On Monday night, as he asked the Charlotte City Council for both more money and emotional support for the Charlotte-Mecklenburg Police Department, an officer named Travis Cook said the demonstrations that followed the police shooting death of Keith Scott in September caused a “Ferguson effect” that’s contributing to Charlotte’s rising crime rate. “Not only do officers feel they have no support from the community,” said Cook, a member of the city’s Fraternal Order of Police lodge, “they feel they have no support from the City Council.”
It’s budget season, and of course city departments will angle for more funding. But Cook’s reference to the “Ferguson effect” introduced a loaded concept into the discussion. It’s a term that’s inflamed discussions about crime and policing since Darren Wilson shot and killed Michael Brown, an unarmed black man, in Ferguson, Missouri, in August 2014. The chief of the St. Louis Metropolitan Police Department, Sam Dotson, coined the term later that year to describe what he said was front-line police reluctance to aggressively enforce the law after civil disturbances that follow police shooting incidents.
But the precise meaning has never been clear. Does the Ferguson effect mean de-policing as department policy, or a general, unofficial chilling effect on patrol officers? Or does it mean an emboldening of criminals who sense and take advantage of law enforcement agencies knocked back on their heels? Dotson initially used the term as shorthand to describe both the short-term divergence of St. Louis officers to help manage the chaos in Ferguson and the perceived empowerment of criminals. Interestingly, he didn’t mention de-policing either as policy or effect. Pundits such as Heather Mac Donald, author of The War On Cops, have made a case that crime is on the rise because officials and activists are criticizing law enforcement. This is, as you can imagine, a popular view among law enforcement and conservatives.

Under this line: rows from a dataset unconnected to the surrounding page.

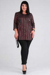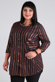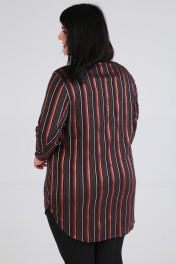 Блуза из полоски  незаменима в этом сезоне как никогда. Перед блузы – с бочком по косой и нагрудной вытачкой, выходящей из него, карман накладной с поперечной полоской, горловина – круглая. По центру переда - функциональная застежка на 6 пуговиц и 6 пробивных петель. Спинка без среднего шва, рукав 3\4, двухшовный с манжетой по косой. Низ блузы спереди и сзади закругленный. Эта простая модель поистине универсальна и подходит как для повседневной носки, офиса, так и для различных мероприятий. Длина изделия - 84 Длина рукава - 48
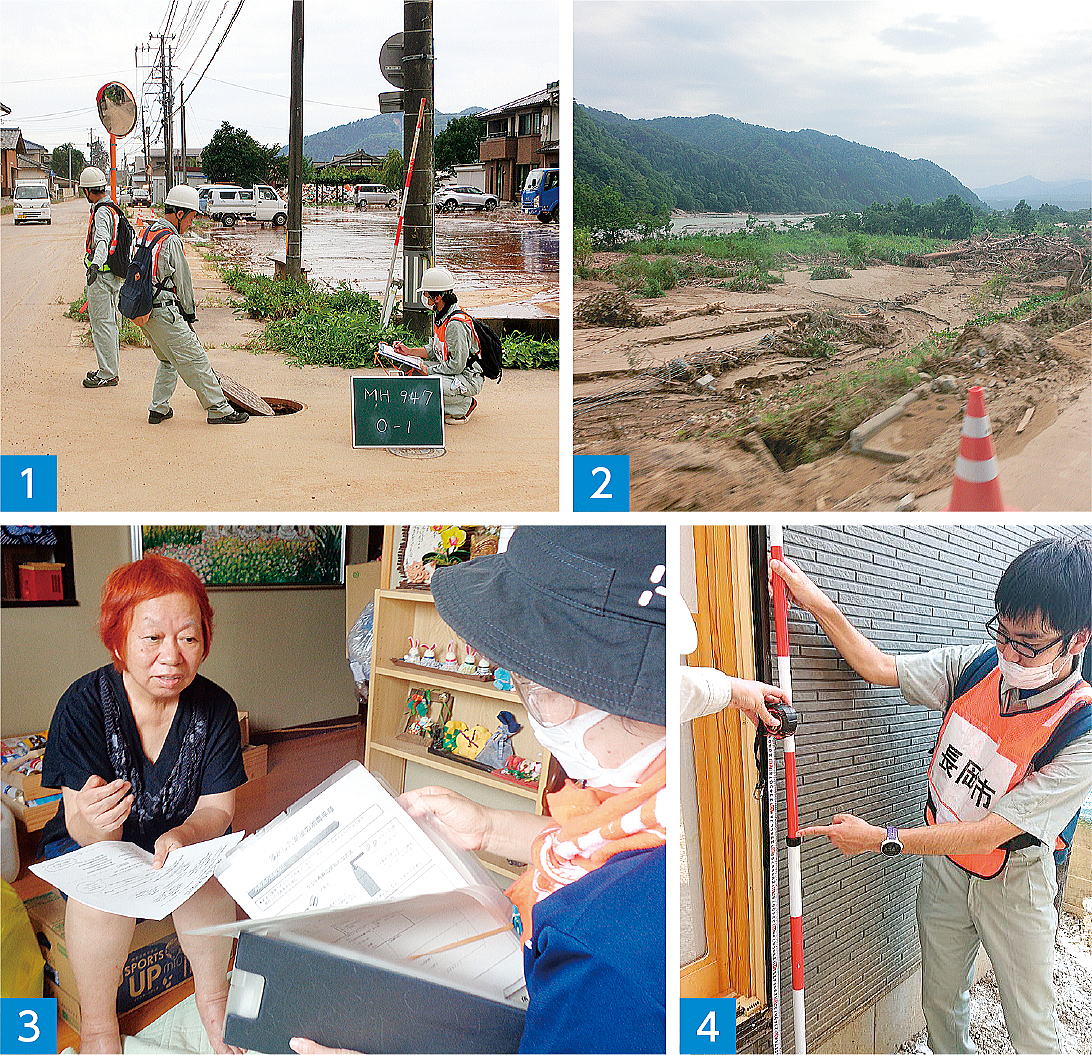 現地では、給水車による応急給水(左写真)や下水道施設の点検、被災家庭の健康調査、家屋の被害認定などの支援活動を行いました。
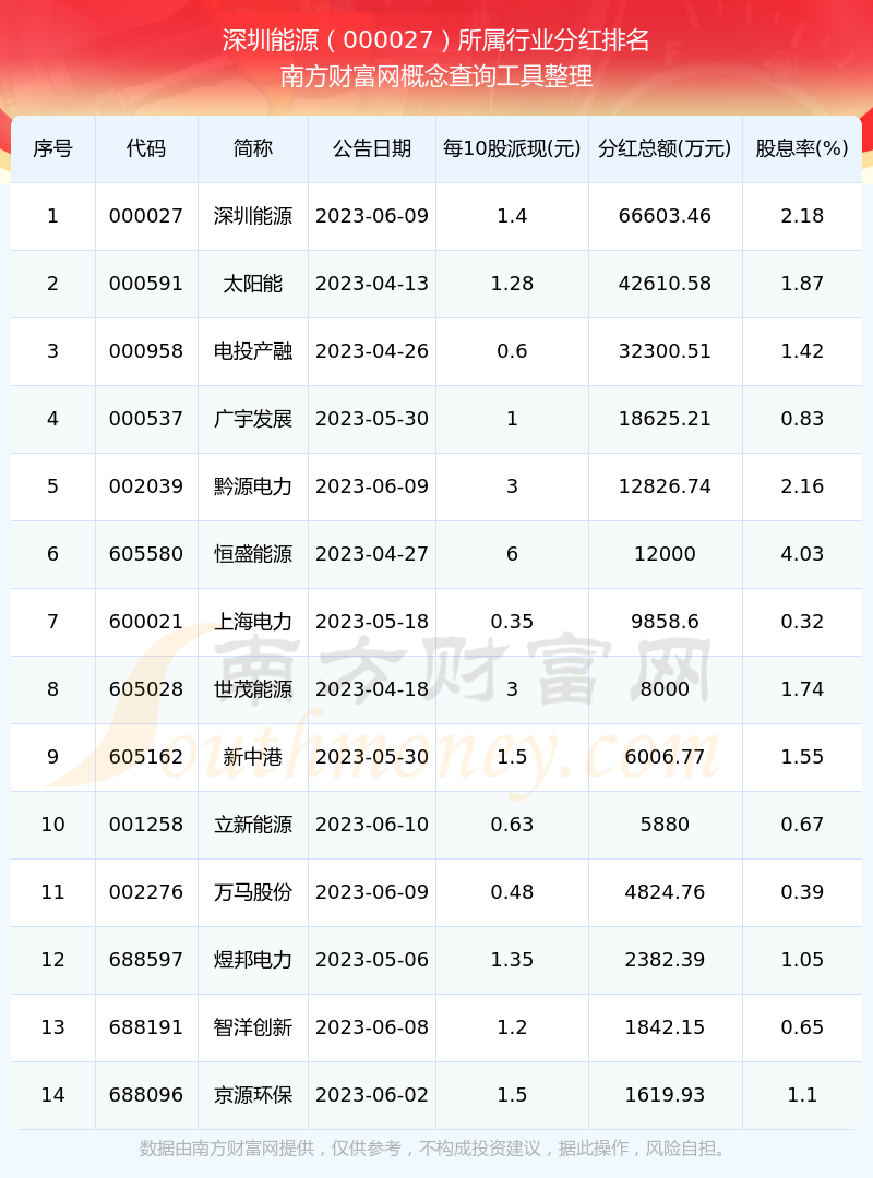 按照南方財(cái)富網(wǎng)趨勢(shì)選股系統(tǒng)統(tǒng)計(jì),深圳能源所屬行業(yè)為電力行業(yè),電力行業(yè)分紅排名情況如下表:
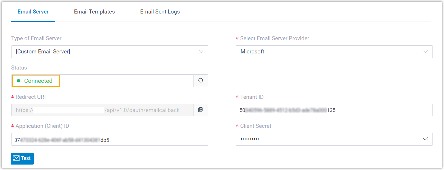 Dieses Thema beschreibt den SMTP-Server, die E-Mail-Vorlage, das tägliche E-Mail-Versandlimit und die Protokolle der gesendeten E-Mails.

Yet there’s plenty of reason to be skeptical about what “the Ferguson effect” is, and whether it’s an actual phenomenon or just a convenient rhetorical tool in discussions of, among other things, police department budgets. An assortment of officials and researchers have warned that the theory is backed up by anecdotal, not statistical evidence, and a host of other factors might be at play: the growth of the opioid drug trade and the easy availability of guns, for example. A recent Pew Research Center survey revealed that more than three-quarters of nearly 8,000 officers nationwide said they’re more reluctant to use force when necessary because of widely publicized police shootings of black people. That’s not exactly an unbiased sample, though, and you’re also free to wonder whether a reluctance to use deadly force might not be a good thing.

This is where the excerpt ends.